Por outro lado, também se reconhece que o legislador ordinário se preocupou em defender
de forma acrescida o bem-estar, a integridade física e a vida dos animais mais dependentes
dos seres humanos e com os quais estes estabelecem fortes laços de afetividade - e que
não sejam afetos a atividades económicas como, por exemplo, os da pecuária, que são
objeto de outros instrumentos de regulação, por opção do legislador -, tendo estes, assim,
um especial dever de proteção e de assistência em relação aos animais de companhia,
pelo seu papel de garante – o que legitima, à partida, a responsabilidade penal por crimes
de resultado cometidos por omissão ao abrigo de normas penais que estejam em
conformidade com a Constituição da República Portuguesa -.

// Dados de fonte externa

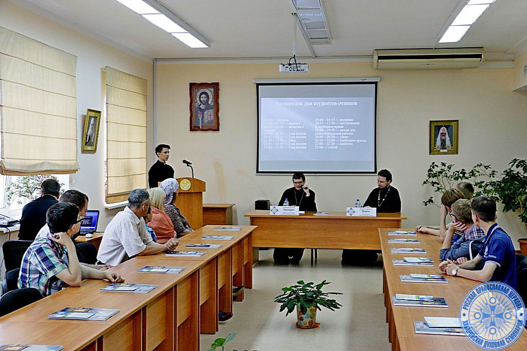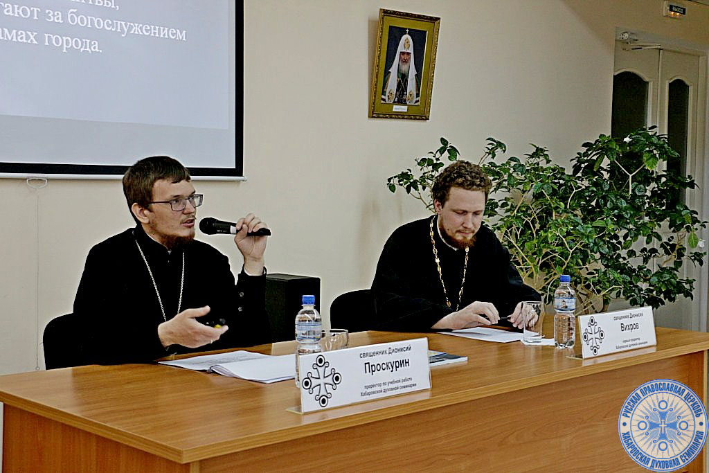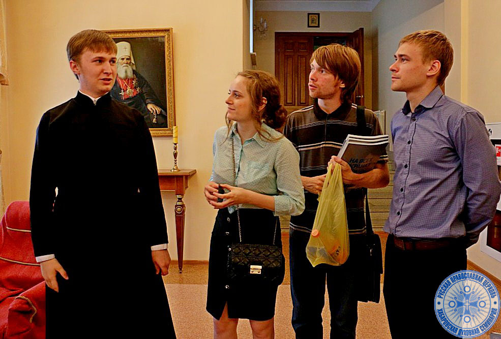 В 10:20 – в читальном зале семинарии прошла встреча гостей с иереем Дионисием Проскуриным – проректором по учебной работе, и первым проректором – иереем Дионисием Вихровым, которые провели краткую беседу для гостей, рассказав об учебном процессе, быте и ежедневных трудах студентов.
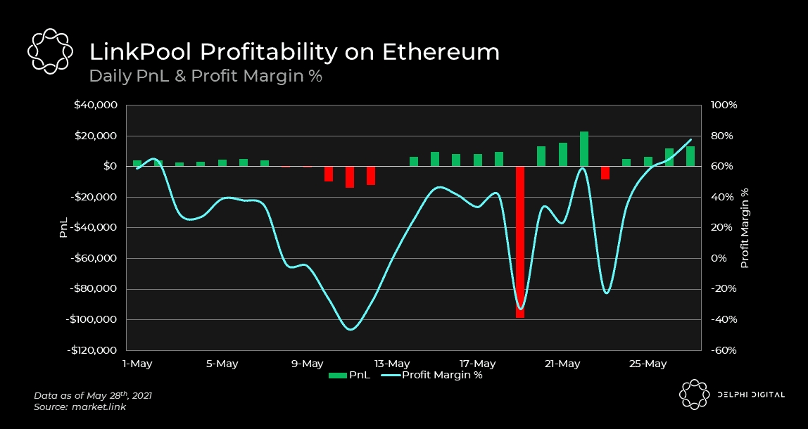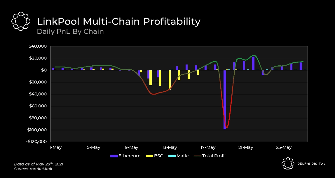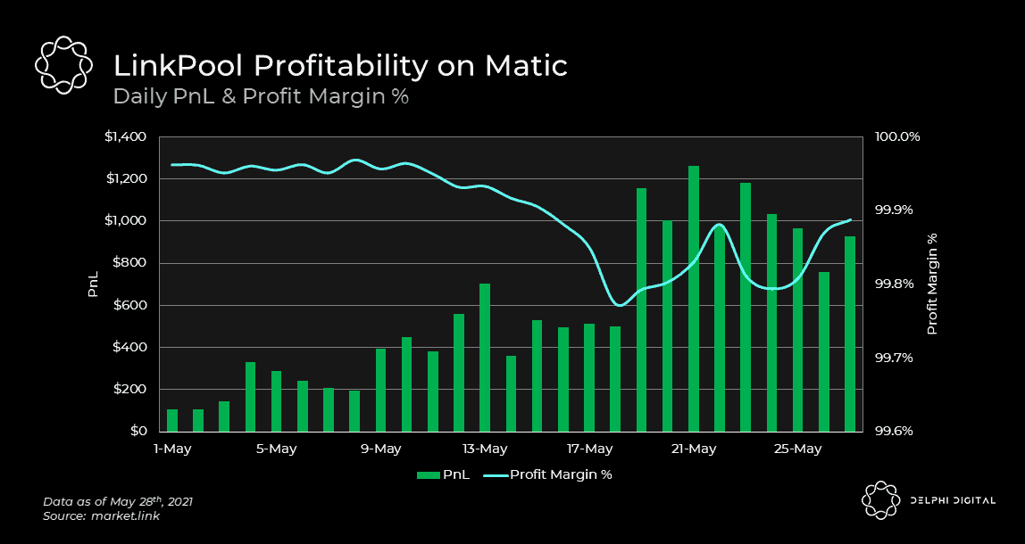 In the chart below, we’ve plotted the multi-chain profitability of LinkPool, a top Chainlink node, over the course of May using data from Chainlink Market. As you can see, total profitability ebbed and flowed materially at certain points in May. The days that sharply turned unprofitable all of the sudden occurred when gas fees spiked on the chains supported by LinkPool.

Depreende e compreende-se assim, de forma bastante impressiva, que os bens jurídicos
protegidos pelo tipo legal de crime em causa sejam o bem-estar, a integridade física e a
vida dos animais de companhia.
Quanto aos animais em geral, o legislador ordinário já tinha estabelecido no artigo 7º do
Decreto-Lei n.º 276/2001, de 17 de Outubro, um conjunto de “princípios básicos para o
bem-estar dos animais”:
“1 - As condições de detenção e de alojamento para reprodução, criação, manutenção e
acomodação dos animais de companhia devem salvaguardar os seus parâmetros de bem-
estar animal, nomeadamente nos termos dos artigos seguintes.
2 - Nenhum animal deve ser detido como animal de companhia se não estiverem
asseguradas as condições referidas no número anterior ou se não se adaptar ao cativeiro.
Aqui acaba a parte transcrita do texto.